Clermont-Ferrand 28° C
lundi 13 juillet

3 questions à Olivier Dondain

15h25 - 22 juin 2020
3 questions à Olivier Dondain
O. Dondain : « Nos réseaux ont tenu » (© D. Dalmasso)

Le Délégué régional Auvergne d'Orange dresse le bilan de la crise du Covid-19 chez l'opérateur et évoque le déploiement de la fibre sur la Métropole et le Puy-de-Dôme.

Comment s'est passée la période de confinement pour Orange ?

En tant qu'opérateur d'importance vitale, nous avons mis en place dès les premiers jours un plan de continuité de l'activité. Il fallait à la fois que nos réseaux tiennent, que nos clients, notamment dans le domaine de la santé, puissent poursuivre leur activité et enfin, que nos salariés soient préservés. Pour ces derniers, beaucoup d'entre eux ont été mis en télétravail afin d'assurer le service client et les ventes au téléphone ou par Internet. Une autre partie de nos salariés comme les techniciens sont restés au front afin de rétablir des lignes ou poursuivre le déploiement des réseaux. Pour permettre à nos agents de télétravailler, nous les avons équipés d'ordinateurs portables. En parallèle, nous avons déployé un process spécifique de S.A.V. auprès des hôpitaux et EHPAD.

Au niveau des réseaux, chez Orange, nous augmentons chaque année nos capacités de 40 %. L'évolution naturelle de la technologie nous pousse à faire cela. Nos clients ont de plus en plus besoin d'échanger des données Internet, ils ont des téléphones de plus en plus puissants, les envies de vidéo à la demande se développent, etc. Durant le confinement, les besoins ont augmenté d'un coup, pour tout le monde et tout le temps. Par exemple, nous avons multiplié par 3 l'usage du mobile au niveau de la voix, multiplié par 5 la consommation sur la messagerie WhatsApp, multiplié par 10 les usages de télétravail, fait + 40 % sur l'Internet. Tous nos réseaux ont tenu. Tant mieux. Orange a aussi boosté les capacités d'endroits stratégiques comme les câbles sous-marins qui relient l'Europe aux États-Unis. Il faut savoir qu'une grosse partie des flux internet transitent sur les serveurs de Facebook ou Netflix installés aux USA. Nous avons donc su livrer un service de qualité, aussi bien pour les services traitant les urgences que pour les différents abonnés et les entreprises. Aujourd'hui, nous déroulons notre plan de reprise d'activité qui va s'étaler sur plusieurs mois, même si nous n'avons jamais arrêté celle-ci. Nous avons simplement fermé nos boutiques pendant la durée du confinement. Nos clients ont pu nous joindre par Internet, sur orange.fr, ou par téléphone. Nos 500 boutiques françaises ont réouvert entre le 11 et le 31 mai avec bien sûr la mise en place des gestes barrières et la gestion des flux grâce au développement de la prise de rendez-vous. Naturellement, nos salariés réintègrent progressivement les sites de travail. Orange en Auvergne, c'est environ 1.000 collaborateurs.

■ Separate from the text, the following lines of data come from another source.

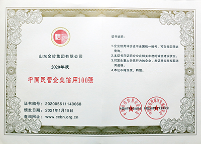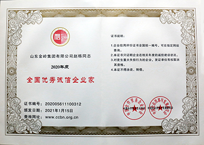 2021年1月16日,由中國(guó)合作貿(mào)易企業(yè)協(xié)會(huì)、中國(guó)企業(yè)改革與發(fā)展研究會(huì)主辦的“2021中國(guó)企業(yè)信用發(fā)展論壇暨第十二屆誠(chéng)信公益盛典”在北京隆重召開(kāi)。在會(huì)上,金嶺集團(tuán)獲評(píng)“中國(guó)AAA級(jí)信用企業(yè)”,總裁趙棟獲評(píng)“全國(guó)優(yōu)秀誠(chéng)信企業(yè)家”。會(huì)議還發(fā)布了2020年度中國(guó)企業(yè)信用500強(qiáng)系列榜單,金嶺集團(tuán)成功入圍“中國(guó)企業(yè)信用500強(qiáng)”、“中國(guó)制造業(yè)企業(yè)信用100強(qiáng)”、“中國(guó)民營(yíng)企業(yè)信用100強(qiáng)”,受到大會(huì)表彰。多年來(lái),金嶺集團(tuán)始終高度重視企業(yè)誠(chéng)信體系建設(shè),不斷加強(qiáng)合同履約考核,提升了全體員工的誠(chéng)信意識(shí),營(yíng)造了“守信光榮,失信可恥”的氛圍,樹(shù)立了良好的企業(yè)信用形象。
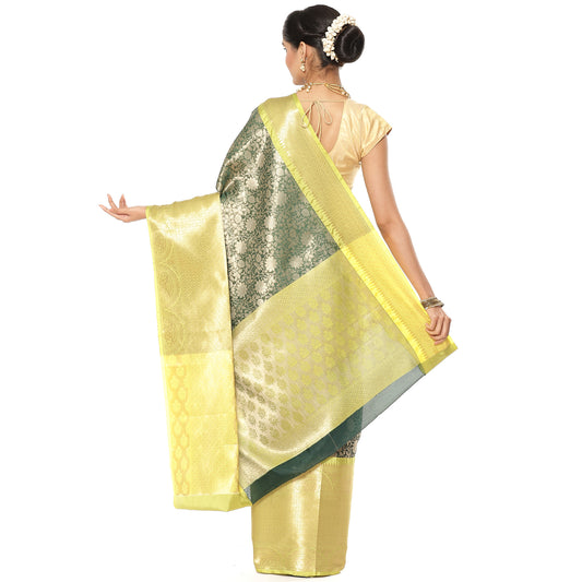 Faishana Presents Green Silver Zari Kanchi Silk Tanchoi Brocade Contrast Gold Skirt Meena Border Banarasi Saree
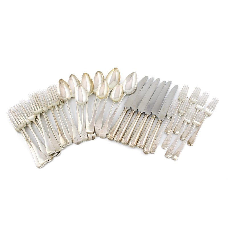 some with engraved crests or initials to the terminals, comprising: eleven table forks, eight dessert forks, six modern dessert knives, six tablespoons and three dessert spoons, total approx. weighable 45.8oz. (34)
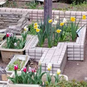 犬散歩道、小学校内の花壇に🌷🌷🌷可愛い~水仙💖

Où en êtes-vous du déploiement de la fibre dans le Puy-de-Dôme ?

En ce qui concerne la Métropole clermontoise, la bonne nouvelle, c'est que depuis le mois de mai, les 21 communes disposent de la fibre commercialisée. Les deux dernières communes ouvertes, Aulnat et Nohanent, l'ont été pendant la période de crise sanitaire. Aujourd'hui, plus de 50 % des logements de la Métropole sont éligibles, soit 102.000 logements au total. Durant cette crise, nous avons su produire 5.000 nouvelles prises entre le 1er avril et le 1er juin. Je rappelle que sur le territoire métropolitain, c'est Orange qui investit. Pour le reste du Puy-de-Dôme, l'investissement est réalisé par Auvergne Très Haut Débit. Il s'agit d'un réseau d'initiative public porté par la Région et les conseils départementaux. Mais Orange est ici chargé de déployer les infrastructures. Quand on additionne les deux secteurs, on arrive à 171.000 logements éligibles. Les dernières communes ouvertes sont Beaumont-les-Randan, Charbonnières-les-Varennes ou encore Marsac-en-Livradois.

Que peut-on dire sur la partie téléphonie mobile ?

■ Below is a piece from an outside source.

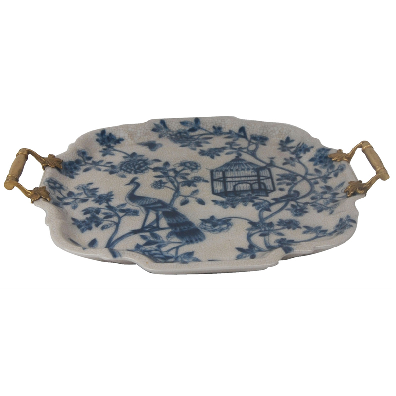 Поднос Peacock Garden Vase Бронза Синий Белый в Грозном | Loft Concept
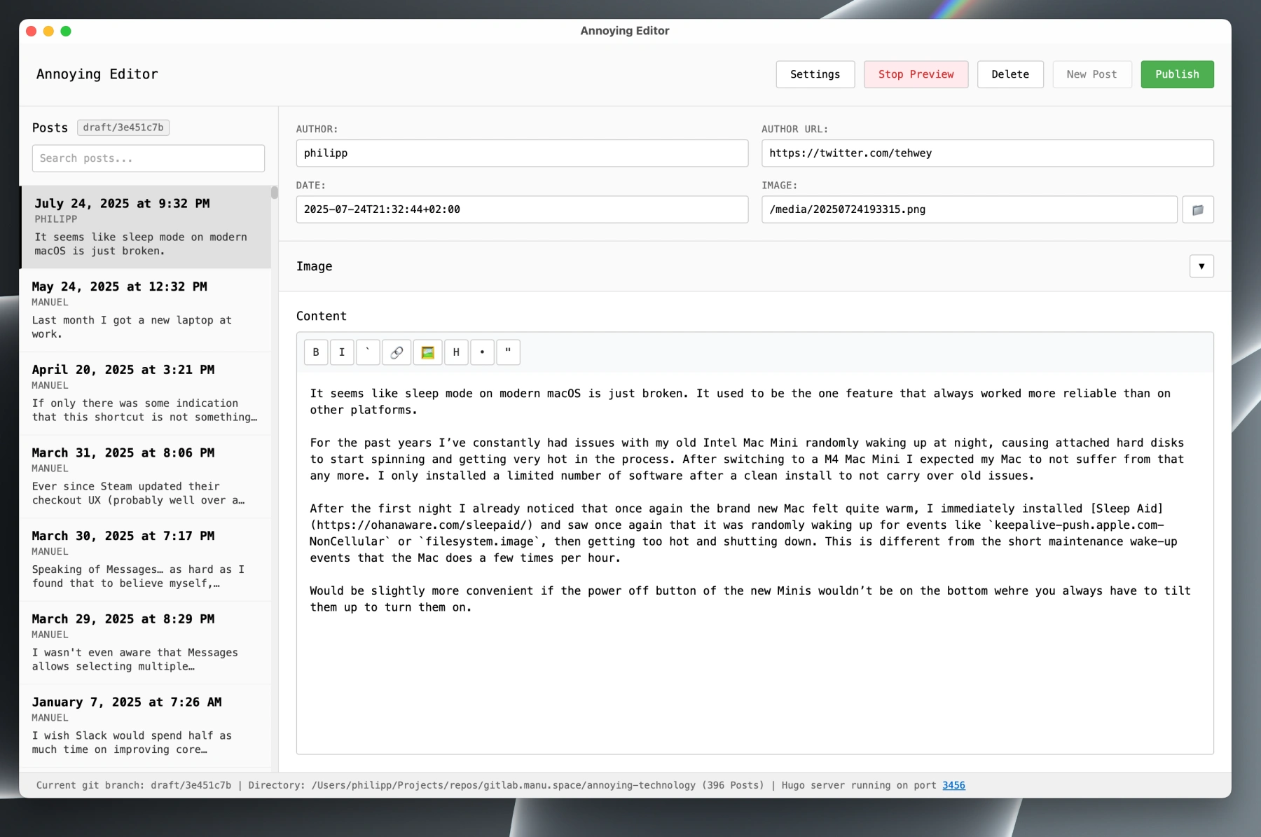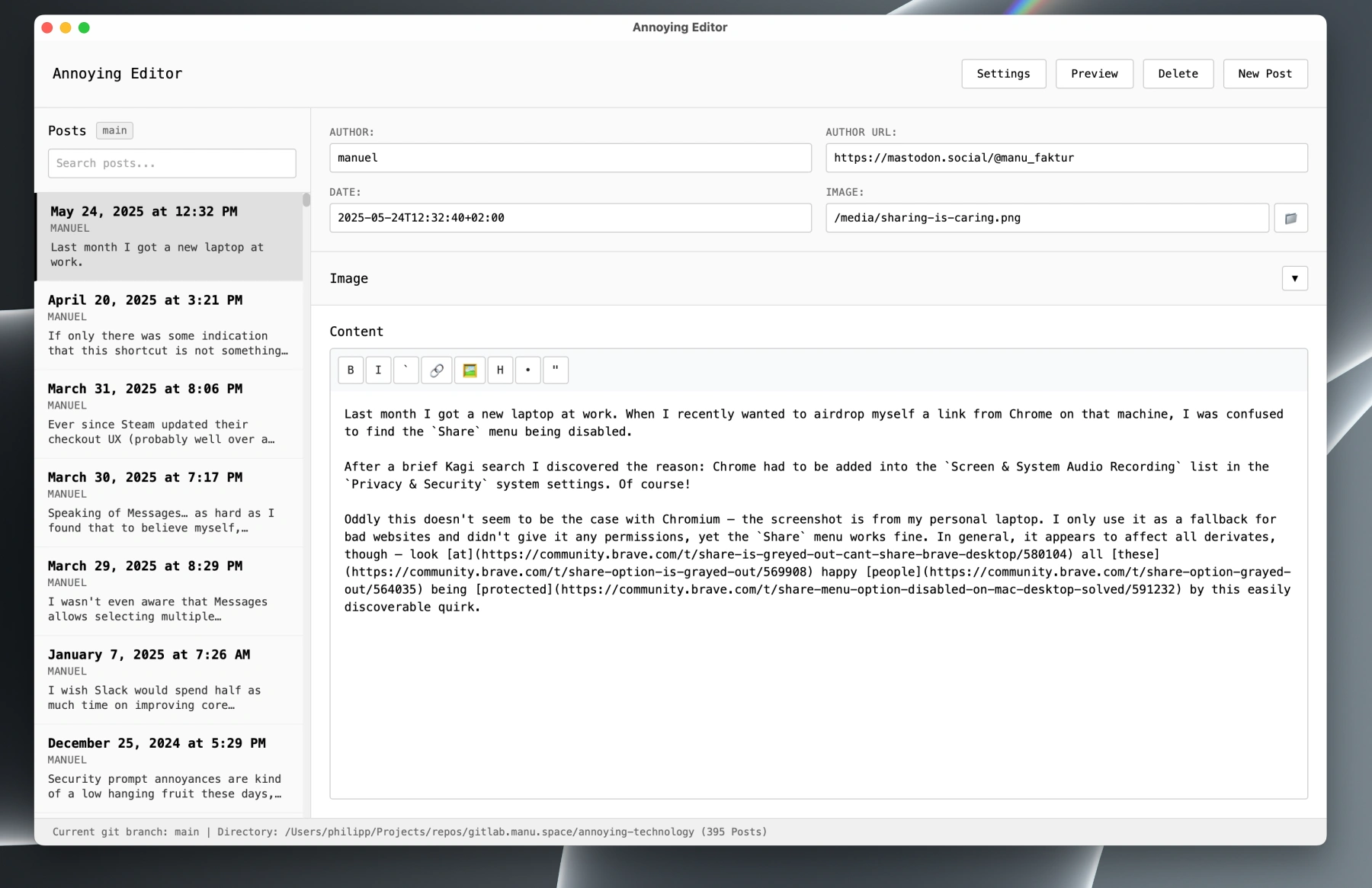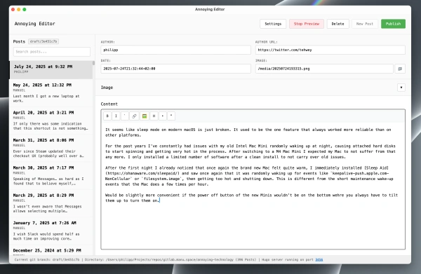 In times of AI it should be relatively simple to just build a custom GUI app just for this task and in the style of the blog. This turned out to be true, even though it would still take a bit of work and extra prompting to make everything work a bit smoother.

Nous avons également progressé au cours des derniers mois avec l'ouverture de six nouveaux sites en 4G depuis le début de l'année sur le Puy-de-Dôme, dont Saulzet-le-Froid en mars. Toujours en 2020, nous avons passé 16 sites de 3G en 4G. Il s'agit par exemple d'Égliseneuve-d'Entraigues, Aydat ou encore Paslières, près de Thiers.